## EXERCISE PROMPT
In the listing below, the lines starting at the line with "3. Secure the" and ending at the line with "Sweet Girl スーツ" are to be output verbatim. Images stay out of the copy.

## MATERIAL FOR THIS TASK
★ ★ ★
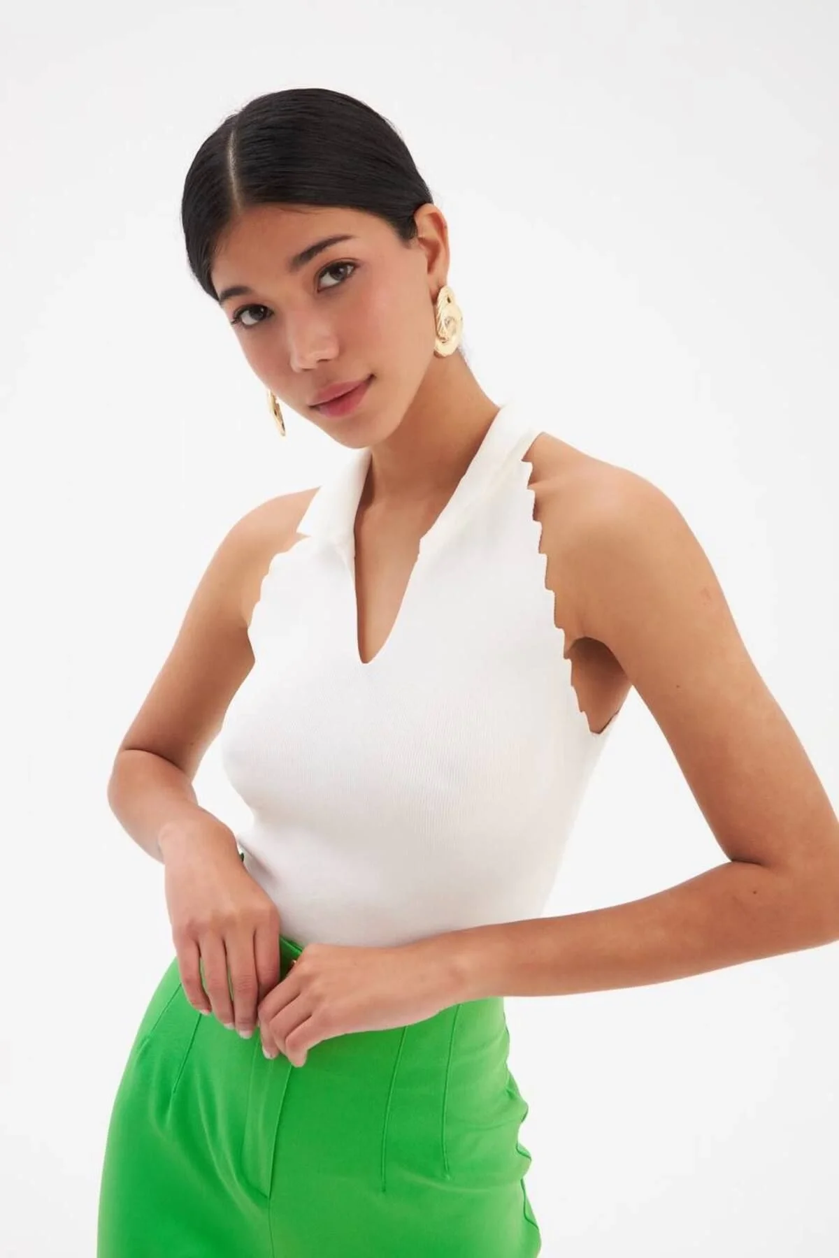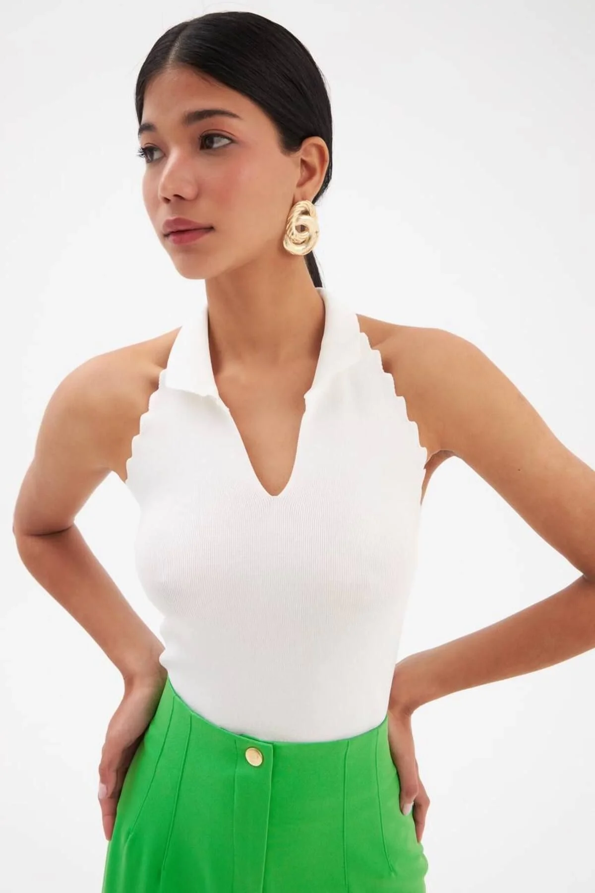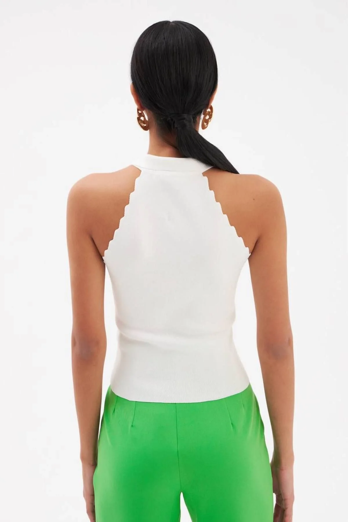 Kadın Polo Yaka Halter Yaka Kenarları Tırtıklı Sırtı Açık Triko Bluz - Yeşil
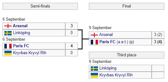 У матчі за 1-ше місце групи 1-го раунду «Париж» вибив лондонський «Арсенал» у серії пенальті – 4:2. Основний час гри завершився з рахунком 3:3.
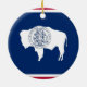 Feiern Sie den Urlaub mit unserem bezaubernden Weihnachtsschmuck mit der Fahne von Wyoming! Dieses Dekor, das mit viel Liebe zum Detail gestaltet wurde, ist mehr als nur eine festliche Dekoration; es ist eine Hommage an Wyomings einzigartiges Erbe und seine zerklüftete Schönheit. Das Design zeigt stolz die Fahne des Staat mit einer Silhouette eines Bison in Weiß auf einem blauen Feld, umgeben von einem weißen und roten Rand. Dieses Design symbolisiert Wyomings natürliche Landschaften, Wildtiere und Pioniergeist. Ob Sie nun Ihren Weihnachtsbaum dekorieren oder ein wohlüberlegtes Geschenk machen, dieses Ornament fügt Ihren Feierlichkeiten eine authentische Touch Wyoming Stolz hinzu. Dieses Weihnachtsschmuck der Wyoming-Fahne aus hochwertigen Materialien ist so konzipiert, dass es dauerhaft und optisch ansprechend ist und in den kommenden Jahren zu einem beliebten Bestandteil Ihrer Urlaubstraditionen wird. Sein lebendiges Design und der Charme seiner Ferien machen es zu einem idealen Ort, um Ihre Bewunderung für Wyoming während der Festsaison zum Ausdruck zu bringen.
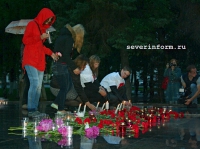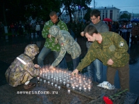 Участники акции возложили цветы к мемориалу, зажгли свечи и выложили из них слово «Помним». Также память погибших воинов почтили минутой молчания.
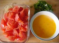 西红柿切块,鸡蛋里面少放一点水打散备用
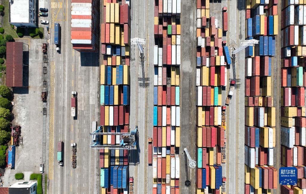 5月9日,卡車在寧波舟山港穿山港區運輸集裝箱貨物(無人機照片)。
★ ★ ★
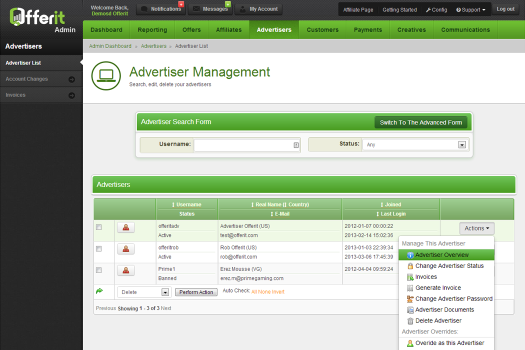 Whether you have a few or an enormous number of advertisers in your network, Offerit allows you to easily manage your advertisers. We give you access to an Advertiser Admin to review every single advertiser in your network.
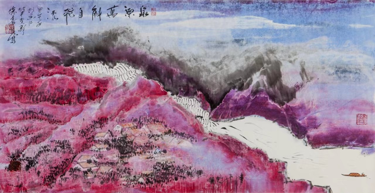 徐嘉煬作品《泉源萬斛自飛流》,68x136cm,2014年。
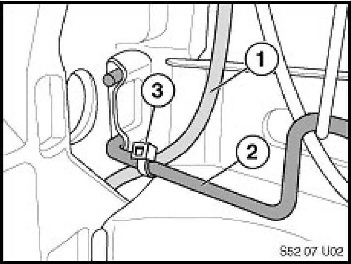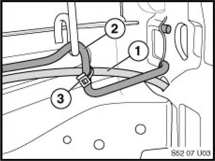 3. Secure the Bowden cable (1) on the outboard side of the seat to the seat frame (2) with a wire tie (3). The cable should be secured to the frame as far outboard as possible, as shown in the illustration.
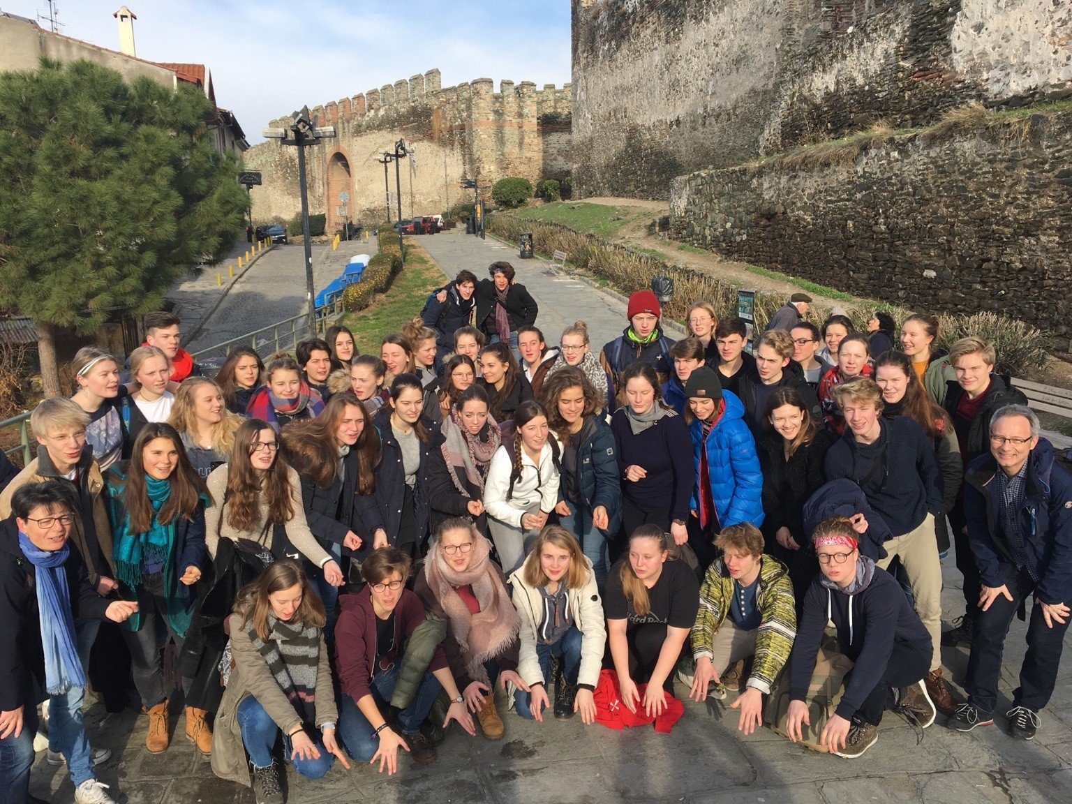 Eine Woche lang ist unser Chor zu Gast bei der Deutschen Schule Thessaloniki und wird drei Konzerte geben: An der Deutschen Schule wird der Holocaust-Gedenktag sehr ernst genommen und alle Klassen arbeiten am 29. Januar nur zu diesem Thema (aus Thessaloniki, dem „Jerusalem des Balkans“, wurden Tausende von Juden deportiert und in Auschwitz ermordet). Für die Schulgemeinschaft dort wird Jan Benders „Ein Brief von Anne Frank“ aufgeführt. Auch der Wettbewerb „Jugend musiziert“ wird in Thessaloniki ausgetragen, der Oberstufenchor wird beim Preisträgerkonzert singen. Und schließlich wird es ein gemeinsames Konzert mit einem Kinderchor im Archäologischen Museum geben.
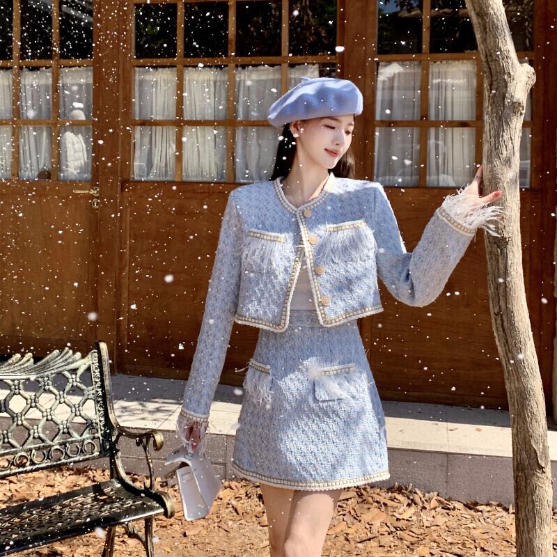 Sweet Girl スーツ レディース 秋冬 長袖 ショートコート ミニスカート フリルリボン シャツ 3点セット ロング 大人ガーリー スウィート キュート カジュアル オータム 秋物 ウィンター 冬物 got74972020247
★ ★ ★
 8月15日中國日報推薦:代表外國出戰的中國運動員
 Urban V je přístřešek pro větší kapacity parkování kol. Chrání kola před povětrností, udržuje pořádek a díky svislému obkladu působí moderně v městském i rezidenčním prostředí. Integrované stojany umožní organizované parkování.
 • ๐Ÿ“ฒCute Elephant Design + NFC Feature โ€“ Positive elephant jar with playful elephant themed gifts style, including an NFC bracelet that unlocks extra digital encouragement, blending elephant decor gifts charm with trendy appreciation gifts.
★ ★ ★
## EXERCISE OUTPUT
 3. Secure the Bowden cable (1) on the outboard side of the seat to the seat frame (2) with a wire tie (3). The cable should be secured to the frame as far outboard as possible, as shown in the illustration.
 Eine Woche lang ist unser Chor zu Gast bei der Deutschen Schule Thessaloniki und wird drei Konzerte geben: An der Deutschen Schule wird der Holocaust-Gedenktag sehr ernst genommen und alle Klassen arbeiten am 29. Januar nur zu diesem Thema (aus Thessaloniki, dem „Jerusalem des Balkans“, wurden Tausende von Juden deportiert und in Auschwitz ermordet). Für die Schulgemeinschaft dort wird Jan Benders „Ein Brief von Anne Frank“ aufgeführt. Auch der Wettbewerb „Jugend musiziert“ wird in Thessaloniki ausgetragen, der Oberstufenchor wird beim Preisträgerkonzert singen. Und schließlich wird es ein gemeinsames Konzert mit einem Kinderchor im Archäologischen Museum geben.
 Sweet Girl スーツ レディース 秋冬 長袖 ショートコート ミニスカート フリルリボン シャツ 3点セット ロング 大人ガーリー スウィート キュート カジュアル オータム 秋物 ウィンター 冬物 got74972020247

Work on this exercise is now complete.